Yamada S, Tanaka Y, Furuichi M
Laboratory of Marine Biochemistry, Faculty of Fisheries, Kagoshima University, Japan.
Biochim Biophys Acta. 1995 Oct 19;1245(2):239-47. doi: 10.1016/0304-4165(95)00089-t.

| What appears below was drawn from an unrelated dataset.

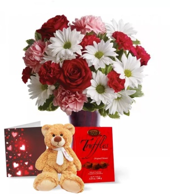 Delight your love with this beautiful bouquet of bright White Chrysanthemums, precious Pink and Red Carnations, romantic Red Roses and accenting greenery. Included in this Special Value package is Bouquet, decadent Truffles, a cuddly Teddy Bear and full size Card. Vase not included - available for purchase at checkout. ;

High activity of histidine acetyltransferase (HISAT) was found in the brain and the lens of Nile tilapia Oreochromis niloticus. HISAT was semi-purified 4166-fold from the brain of Nile tilapia. The affinity chromatography using a Blue Sepharose 6 FF column was very effective for purification of this enzyme. The enzyme had a broad pH optimum from pH 7.0 to pH 9.5, and did not require any divalent metal ion. The semi-purified HISAT showed a strict substrate specificity for L-histidine (and its methyl derivatives) and acetylcoenzyme A (CoASAc). The reaction velocity fits normal Michaelis-Menten kinetics with respect to both L-histidine (Km, 0.45 mM) and CoASAc (Km, 0.027 mM). Gel filtration on Superdex 200 HR indicated the molecular weight of 39,000. It was presumed that the 38.5 kDa protein, which was intensely visualized in sodium dodecyl sulfate-polyacrylamide gel electrophoresis, was a single subunit derived from HISAT.
在尼罗罗非鱼(Oreochromis niloticus)的大脑和晶状体中发现了组氨酸乙酰转移酶(HISAT)的高活性。从尼罗罗非鱼的大脑中对HISAT进行了4166倍的半纯化。使用Blue Sepharose 6 FF柱的亲和层析对该酶的纯化非常有效。该酶的最适pH范围很宽,从pH 7.0到pH 9.5,并且不需要任何二价金属离子。半纯化的HISAT对L-组氨酸(及其甲基衍生物)和乙酰辅酶A(CoASAc)表现出严格的底物特异性。反应速度对L-组氨酸(Km,0.45 mM)和CoASAc(Km,0.027 mM)均符合正常的米氏动力学。在Superdex 200 HR上进行的凝胶过滤表明分子量为39,000。据推测,在十二烷基硫酸钠-聚丙烯酰胺凝胶电泳中强烈显色的38.5 kDa蛋白质是源自HISAT的单个亚基。